++++ Information provided

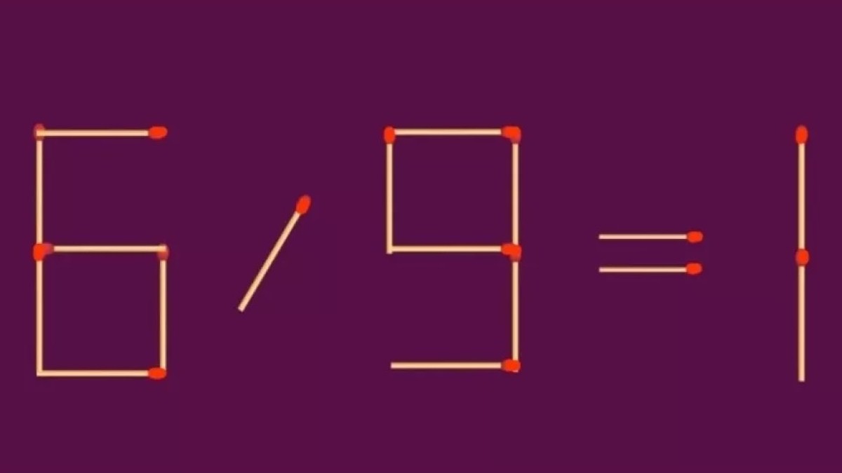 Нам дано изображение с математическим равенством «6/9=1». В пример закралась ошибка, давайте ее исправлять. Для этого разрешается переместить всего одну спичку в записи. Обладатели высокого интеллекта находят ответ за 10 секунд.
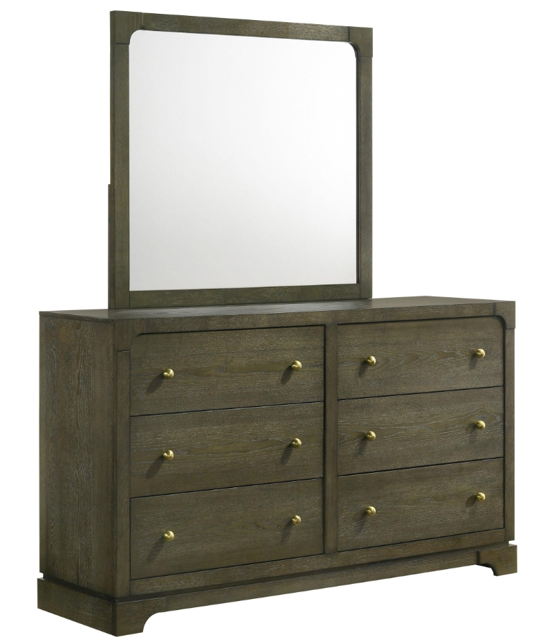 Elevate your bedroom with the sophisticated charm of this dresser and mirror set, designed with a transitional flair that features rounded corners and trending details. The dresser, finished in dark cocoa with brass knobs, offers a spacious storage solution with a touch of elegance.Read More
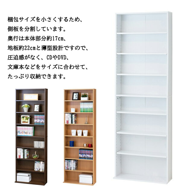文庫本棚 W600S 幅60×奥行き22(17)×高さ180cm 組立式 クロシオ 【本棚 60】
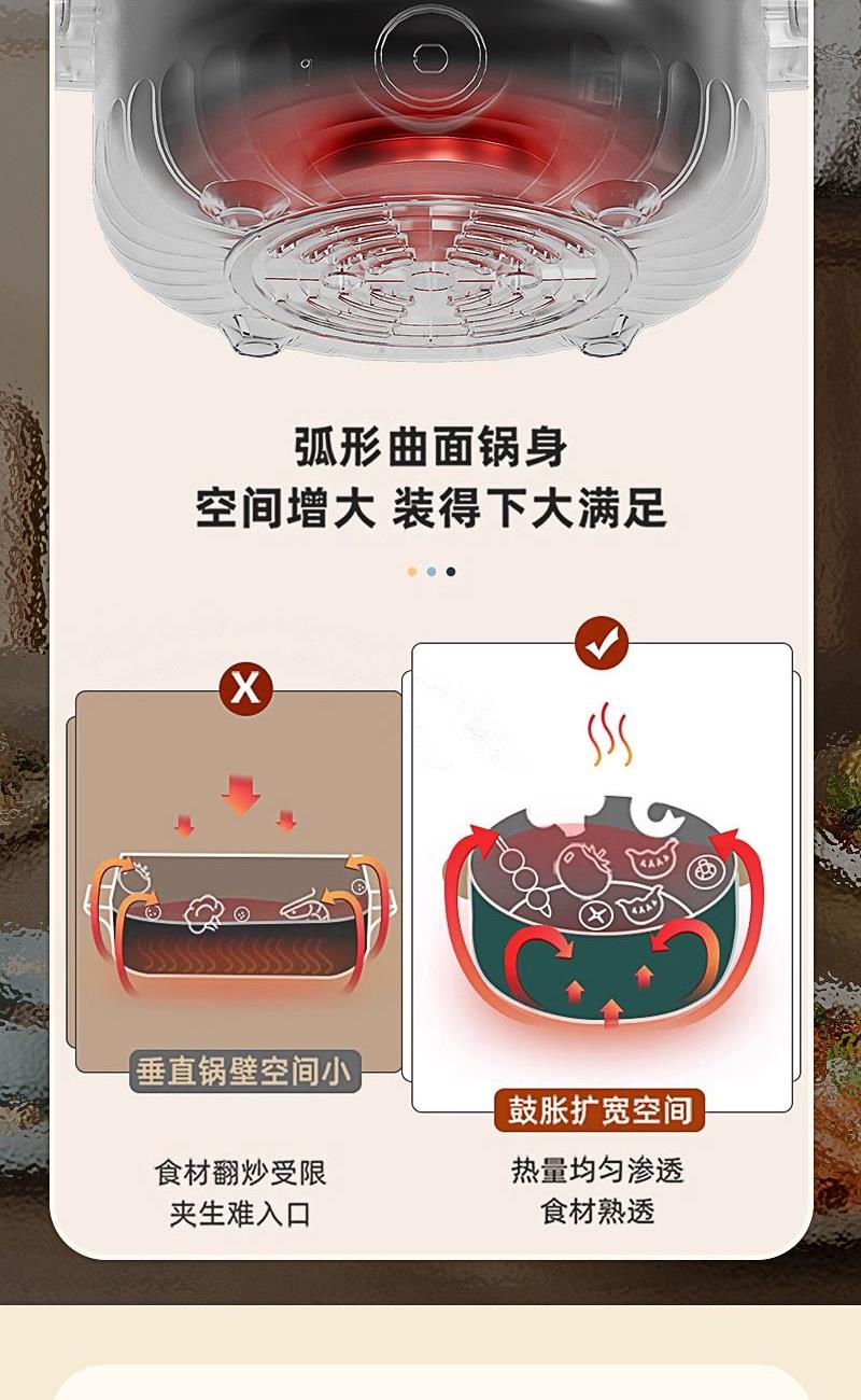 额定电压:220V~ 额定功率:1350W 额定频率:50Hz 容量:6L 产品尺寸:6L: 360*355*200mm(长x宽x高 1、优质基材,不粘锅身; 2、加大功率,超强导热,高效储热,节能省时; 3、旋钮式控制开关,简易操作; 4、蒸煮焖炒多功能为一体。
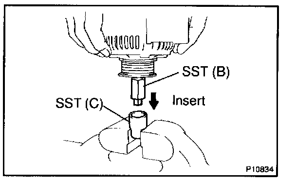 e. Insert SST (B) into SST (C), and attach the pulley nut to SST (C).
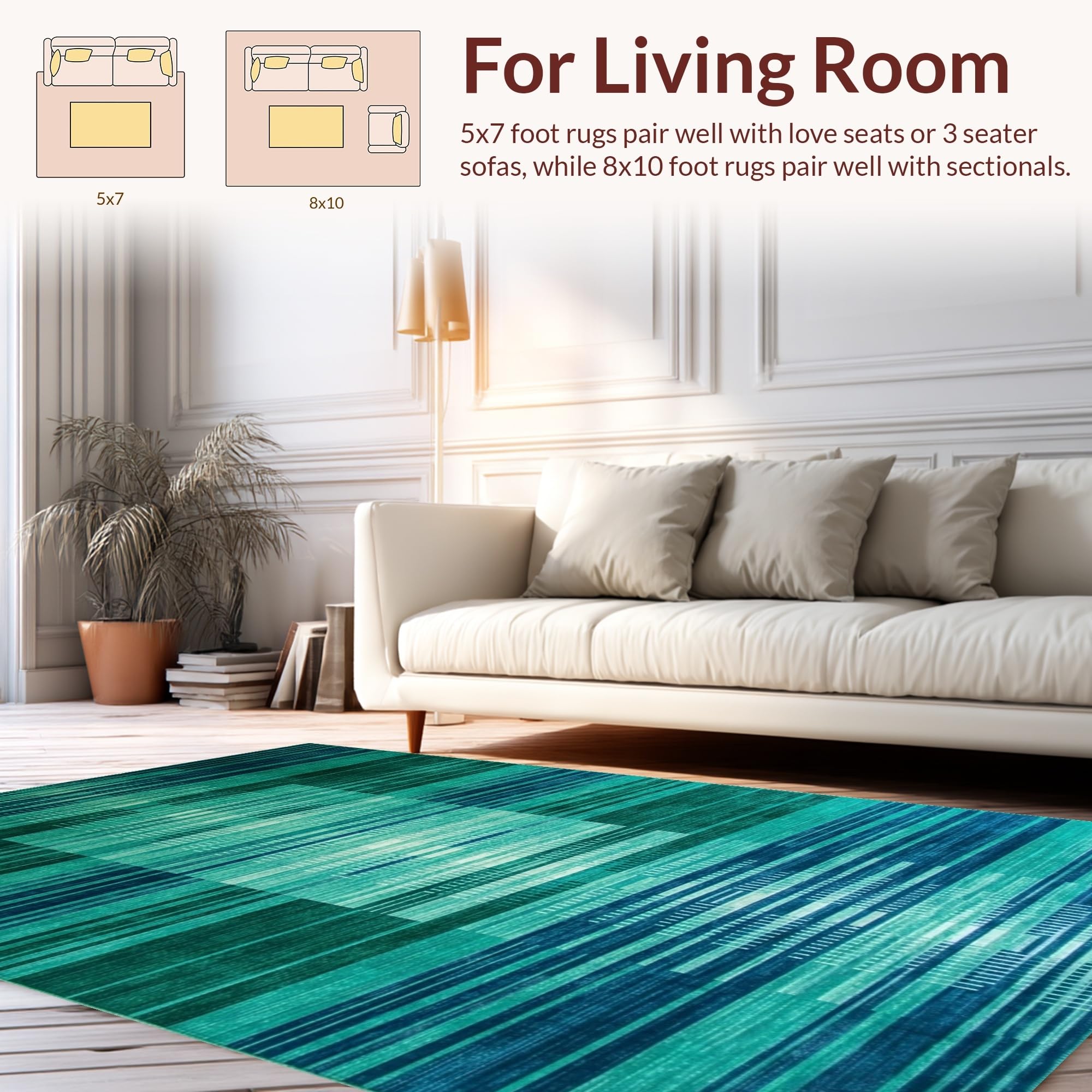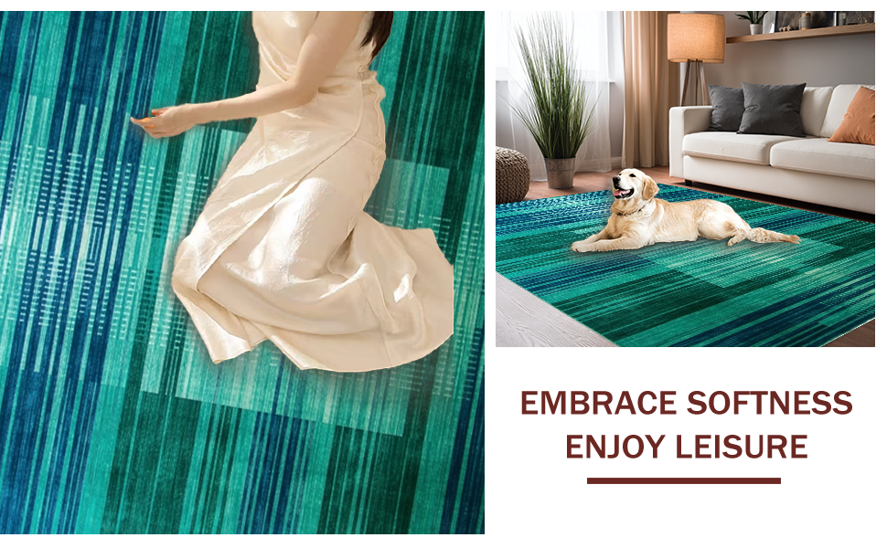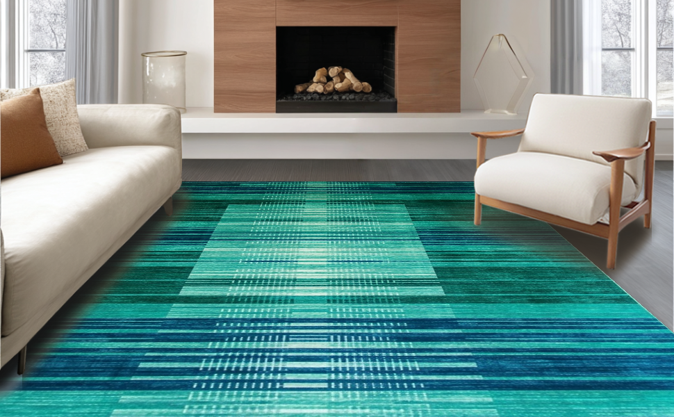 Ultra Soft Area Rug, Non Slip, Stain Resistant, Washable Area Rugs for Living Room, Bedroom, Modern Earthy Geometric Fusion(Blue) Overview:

++++++++

When you retype the records, keep every word exactly as written and exclude the pictures.

 Нам дано изображение с математическим равенством «6/9=1». В пример закралась ошибка, давайте ее исправлять. Для этого разрешается переместить всего одну спичку в записи. Обладатели высокого интеллекта находят ответ за 10 секунд.
 Elevate your bedroom with the sophisticated charm of this dresser and mirror set, designed with a transitional flair that features rounded corners and trending details. The dresser, finished in dark cocoa with brass knobs, offers a spacious storage solution with a touch of elegance.Read More
文庫本棚 W600S 幅60×奥行き22(17)×高さ180cm 組立式 クロシオ 【本棚 60】
 额定电压:220V~ 额定功率:1350W 额定频率:50Hz 容量:6L 产品尺寸:6L: 360*355*200mm(长x宽x高 1、优质基材,不粘锅身; 2、加大功率,超强导热,高效储热,节能省时; 3、旋钮式控制开关,简易操作; 4、蒸煮焖炒多功能为一体。
 e. Insert SST (B) into SST (C), and attach the pulley nut to SST (C).
 Ultra Soft Area Rug, Non Slip, Stain Resistant, Washable Area Rugs for Living Room, Bedroom, Modern Earthy Geometric Fusion(Blue) Overview:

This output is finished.